Quick Chicken Fricassee

Published November 1, 2010.

This classic French dish of poached chicken in cream sauce would have a lot going for it, if we could streamline the recipe and punch up the flavors.

The Problem

Traditional versions of this dish are a bit bland for modern tastes, and many versions feel fussy and time-consuming.

The Goal

We wanted a streamlined technique that would give the dish weeknight potential, and a brighter, more complex sauce.

The Solution

First up, the thick bone-in chicken parts would have to go. Instead, we used the busy cook’s favorite timesaver: boneless, skinless breasts and thighs. These thinner pieces of meat not only fit nicely into our 12-inch skillet, but they were mostly cooked through after the initial sear.
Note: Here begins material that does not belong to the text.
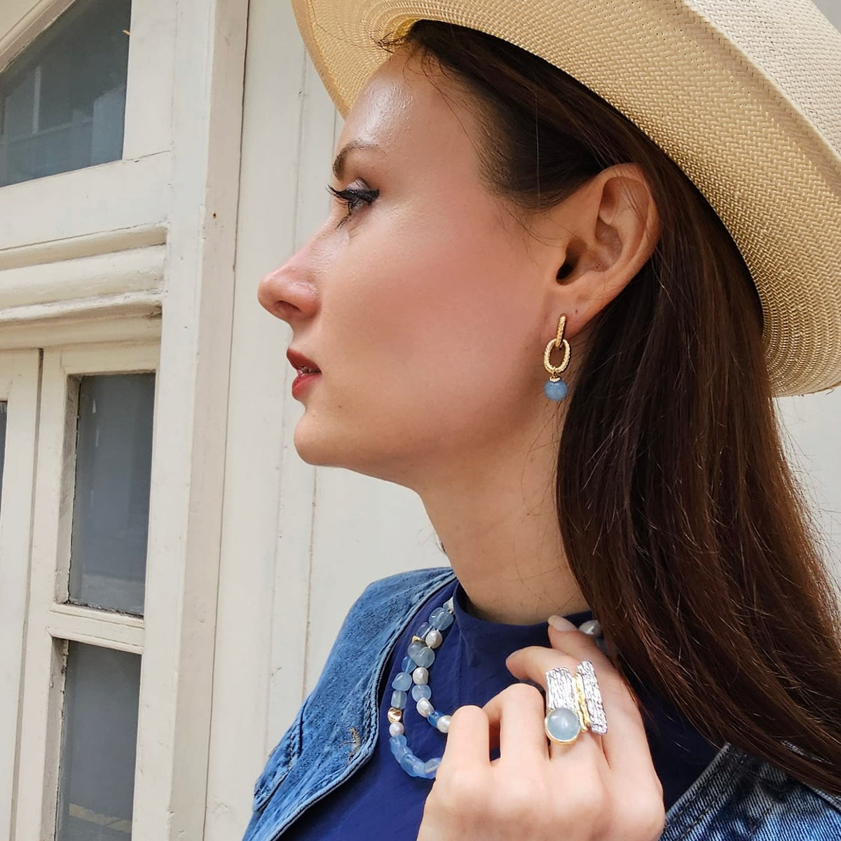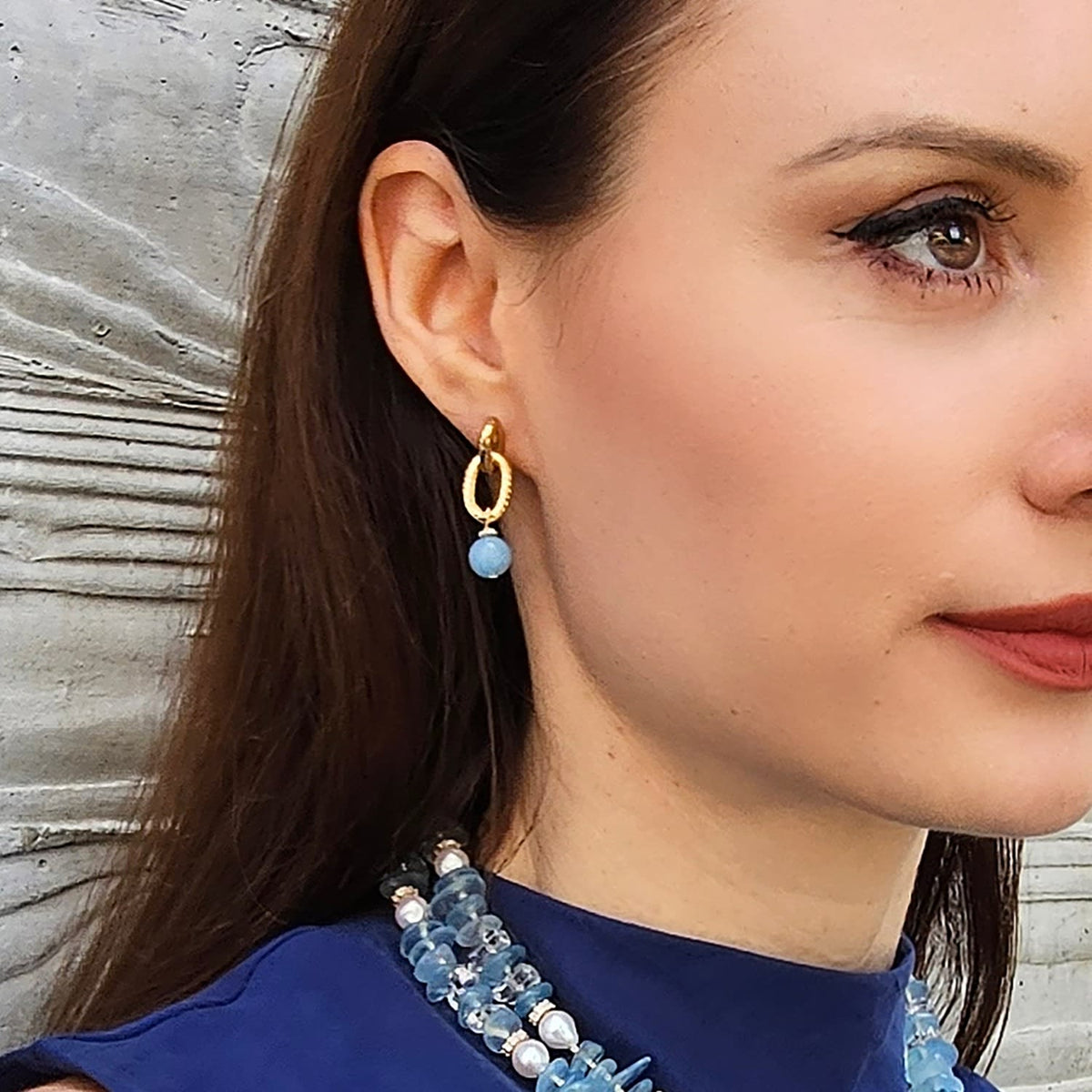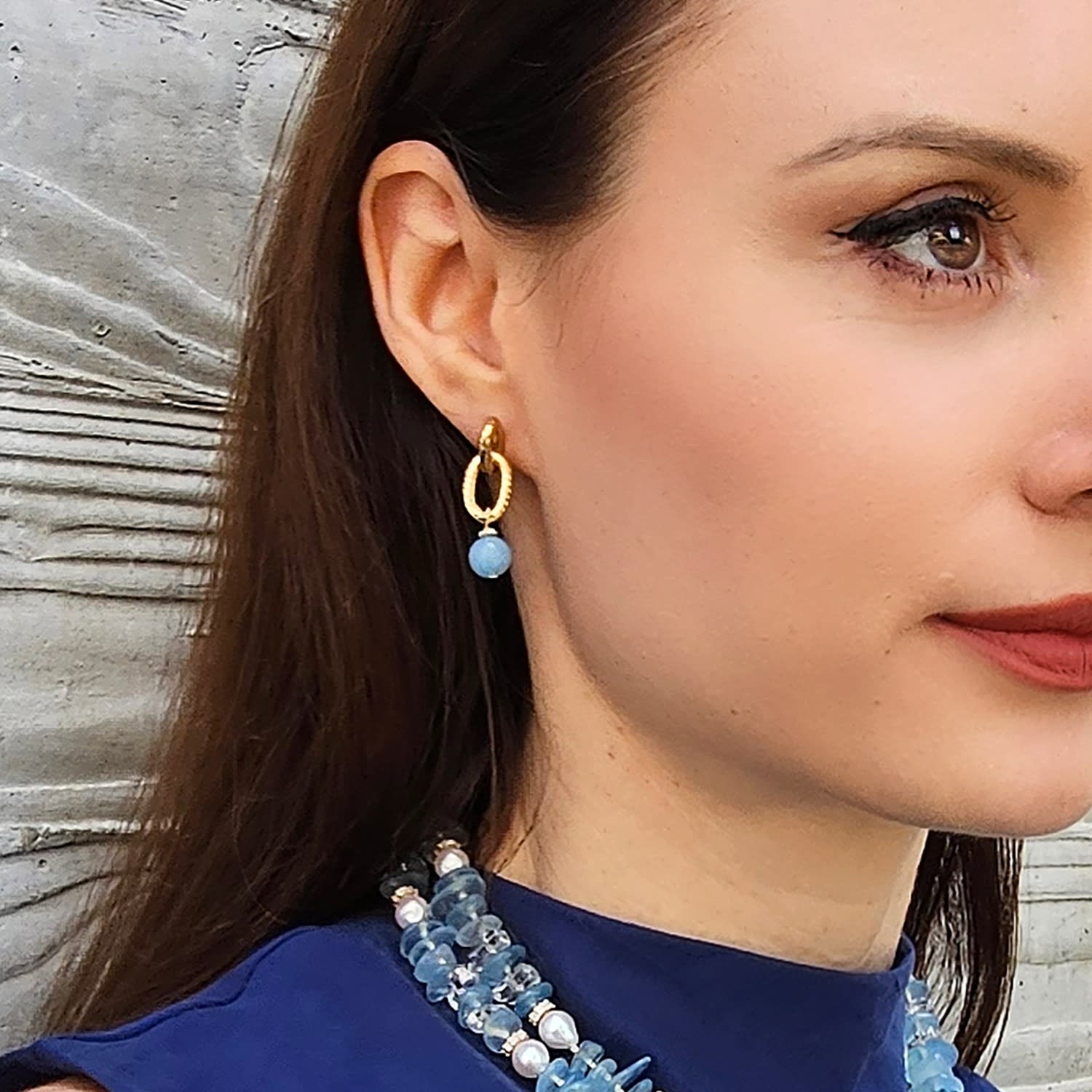 These dangle earrings are crafted from aquamarine stones. They are lightweight.

We found two ways to add back richness that we’d lost when we opted for boneless, skinless chicken pieces. First, we browned the meat in a combination of butter and oil. Next, we thoroughly browned vegetables until they developed their own fond. We swapped the traditional pearl onions for a regular chopped onion, which would provide more surface area for browning and caramelization, and we upped the amount of glutamate-rich mushrooms to boost the meaty flavor of the dish. Sautéing these ingredients with a splash of white wine coated the pan with a layer of dark, browned bits. Just before deglazing with chicken broth, we stirred in a bit of minced garlic and a tablespoon of flour to thicken the sauce. Finally, we slid the chicken back into the skillet to finish cooking. After several minutes, the breast meat was up to temperature and the poaching liquid had reduced to a savory gravy.

The final step was to finish the sauce with dairy. We settled on sour cream, which added body and pleasant tang. To create a satiny smooth consistency, we tried a technique popular in many early fricassee recipes: whisking an egg yolk into the sauce. Yolks contain a powerful emulsifier that keeps fat (in this case from the sour cream) suspended in water. A single yolk whisked into the sour cream before incorporating the mixture into the thickened broth was all it took to make our sauce incredibly silky. All that was left was to add a squirt of lemon juice, grated nutmeg, and minced tarragon to lend a little more complexity.